At times, Tamayo dispensed with the face. Carlos Acosta is the black silhouette of a dancer who describes the island of Cuba in a huge jump. The names confirm identities and are integrated into the composition, when they appear. Sometimes incompletely. Alicia, par excellence, identifies ballet shoes linked with a swan? in flight. A capital K, initial for Kid and knock out, exhibits boxing gloves and two-tone shoes alluding to Kid Chocolate, distinguished in and out of the ring.
They endorse that Reynerio was not only entrusted to the physical appearance of illustrious Havanans. He also resorted to certain attributes of his works, styles of work, projections or psychological behaviors. He confirmed the importance of his hands, fused with other working instruments: Brouwer's guitar, Chucho and Bola's pianos, Formell's bass, Dulce María's pencil, Luque's bat ... and Padura's: Quixote that modernized his adarga and wrote the text of the catalog.
For Tamayo it was essential what the Havanans of him carried: Leal, a map where the heart occupied the site of the Havana port; Joseíto, music scores in his yarey hat.

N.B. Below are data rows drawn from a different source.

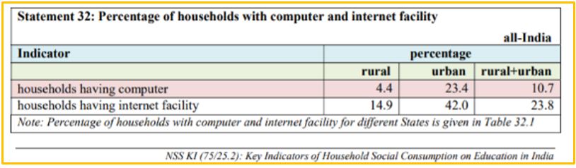 Prior to the Covid-19 scenario, as per the National Sample Survey (2017-18) merely 23.8 per cent of Indian households have access to the internet. Moreover, there was a huge rural-urban disparity when it comes to access to facilities like the internet or smartphone(s). The rural population in India is 68.84 per cent (~ 69%) as per the Census of India 2011. However, only 14.9 per cent (~ 15%) of the rural population have access to the internet as compared to 42 per cent in the urban areas.
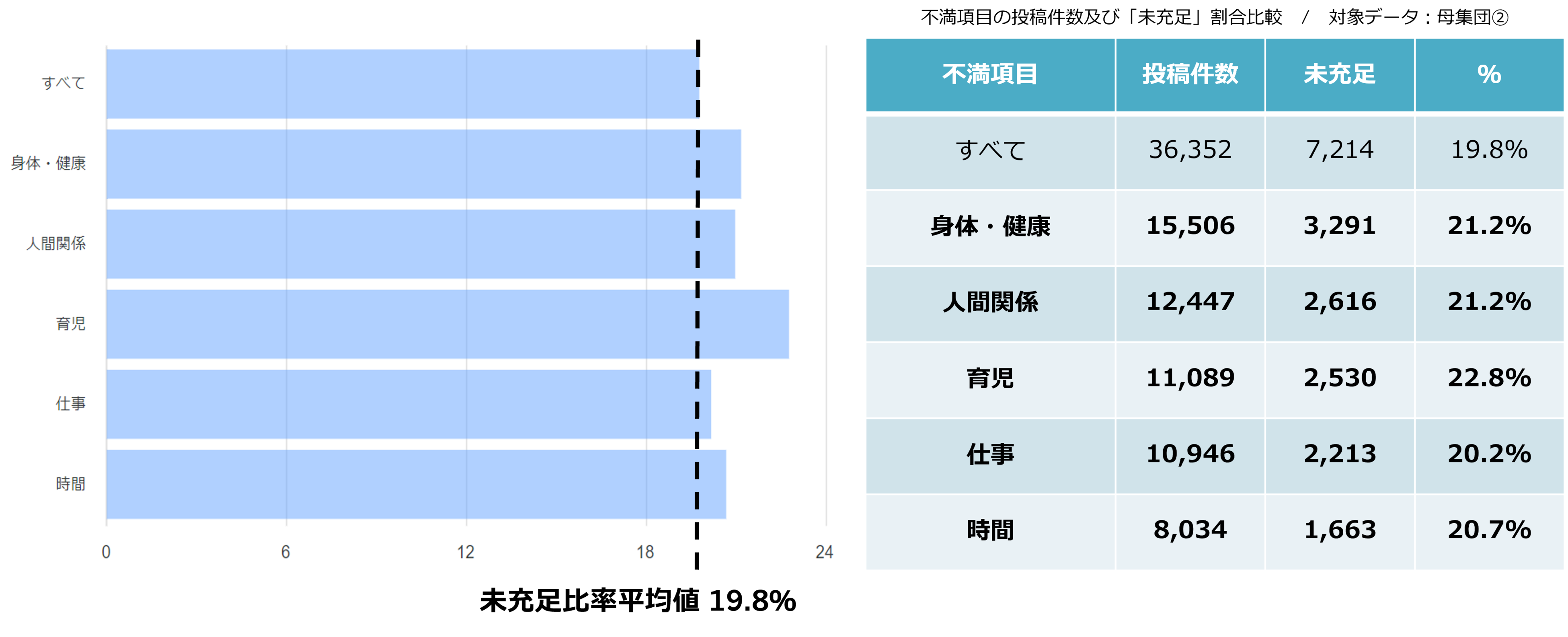 母集団②を対象に、不満項目別の投稿件数と「未充足」割合を比較した。投稿件数は「身体・健康」「人間関係」「育児」が上位となった。「未充足」の割合は、全体平均が19.8%であったのに対し、全ての不満項目でそれを上回った。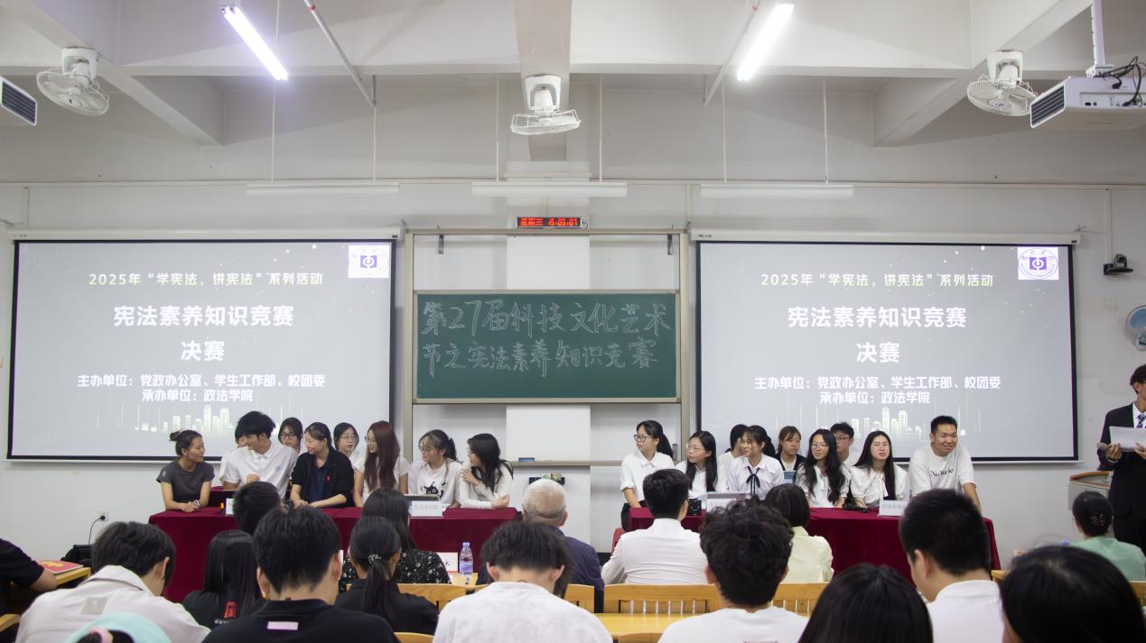 2025年10月29日下午,由党政办公室、学生工作部、校团委联合主办,政法学院承办的惠州学院2025年“学宪法讲宪法”宪法素养知识竞赛决赛在旭日教学大楼118教室举行。北京市盈科(惠州)律师事务所律师杨焜尧、惠州学院学生工作部思想政治教育科科长刘振聪、生命科学学院团委书记唐冰担任评委,政法学院院长蒋炜、法律系主任黄明慧、教工第一党支部书记陈新华、团委书记陈曦以及决赛学院师生代表参加了活动。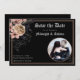 Vackert, spara datumkortet med guld-blommigt och beige och rosa med ängar, kvistar, korvfjädrar och bär på svart bakgrund. Typografi av Götetiska blackletter läggs till i designen. Anpassa med ditt eget foto och bröllop-datum och ställe. Se samordna artiklar i vår butik Enchanted Finch eller kontakta oss om du vill ha fler artiklar.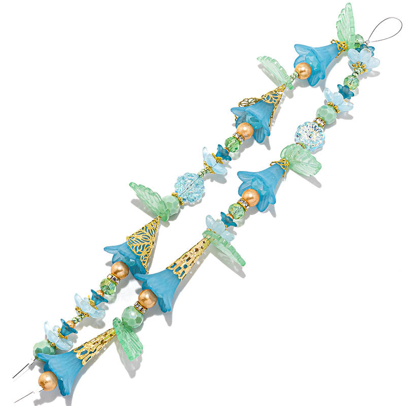 This beautiful duo of 7-inch strung beads features stunning hand-dyed acrylic flower beads paired with pressed glass flowers, faceted glass rondelles, faceted glass rounds, glass pearls, glass leaf beads, gold-plated metal bead caps, gold-plated metal bead spacers, rhinestone spacers, and more. With 14-inches of beads to choose from, this set easily transforms into earrings, bracelets, and necklaces. Each set includes over 80 beads to create with. Largest bead in set measures 22mm x 21.5mm. Smallest bead measures 4mm.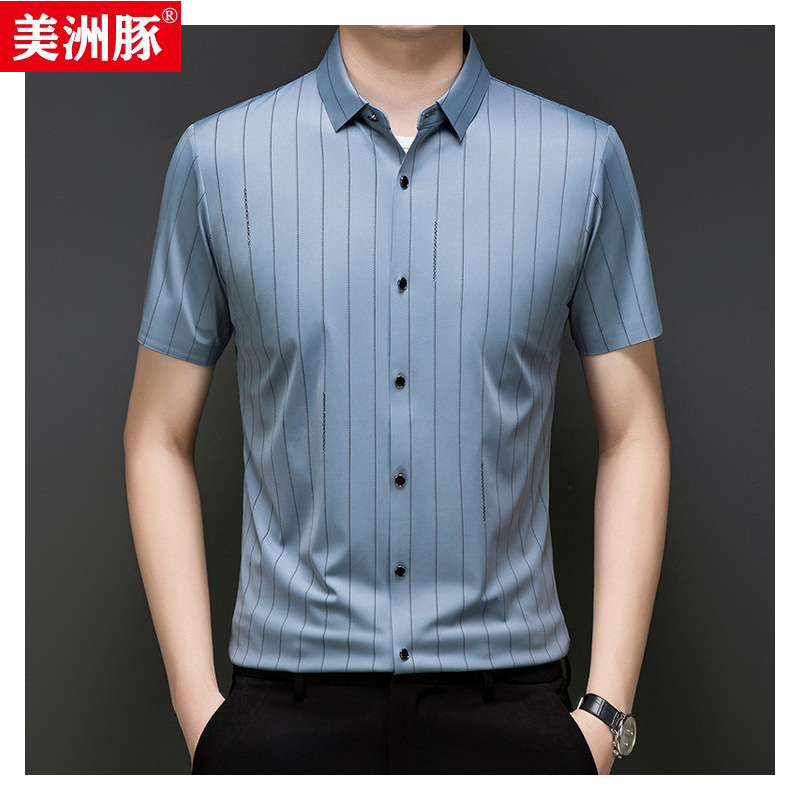 2025夏の新型高級氷糸無痕半袖シャツ男のお父さんはストライプのサイズの服を着ています。中年男性半袖です。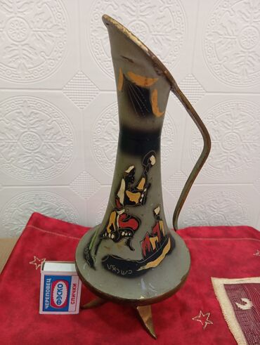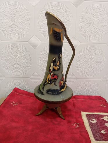 Naxışlı bürünc və ya misdən hazırlanmış, detallı dizaynı olan dekorativ vaza. Bu vaza qızılı və mis tonlarında rəngləri özündə birləşdirir, üzərində mürəkkəb oyma və ya relyef naxışlar var. Uzun və...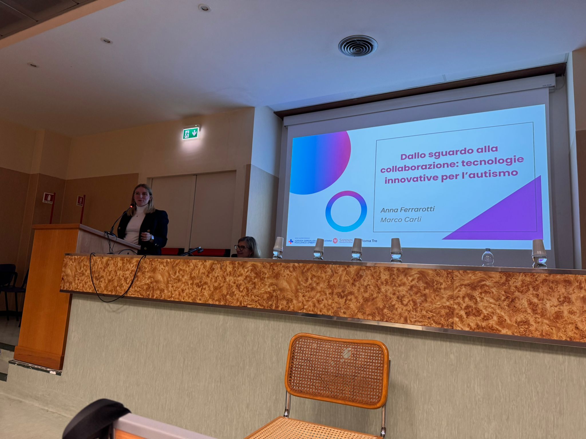 In particolare, la Dott.ssa Ferrarotti ha esposto il lavoro intitolato “Dallo sguardo alla collaborazione: tecnologie innovative per l’autismo”, frutto della cooperazione con i ricercatori della Sapienza.

What they did was also substantial: Lezama, the gourmet and far-fetched, chose letters with pencils and not with chopsticks. Elena, the Feeling Lady, sang with her heart out and on fire. Ortiz danced happily like an Abakuá devil. And Chano managed to make an Afro-Cuban figure emerge from his drum.
Reynerio associated Capablanca with the king of chess, the lunatic José María López Lledín (Knight of Paris) with a V. van Gogh night. Curiously, the hairy character was another Spaniard who became a symbol of an illustrious city, another illustrious Havana by adoption, a capital from the capital like Giraldilla and Reynerio himself. Tamayo was born in the eastern part of the country (Niquero, 1968) and graduated from Isa, to which he dedicated one of the exhibition rooms that can be visited until January 11.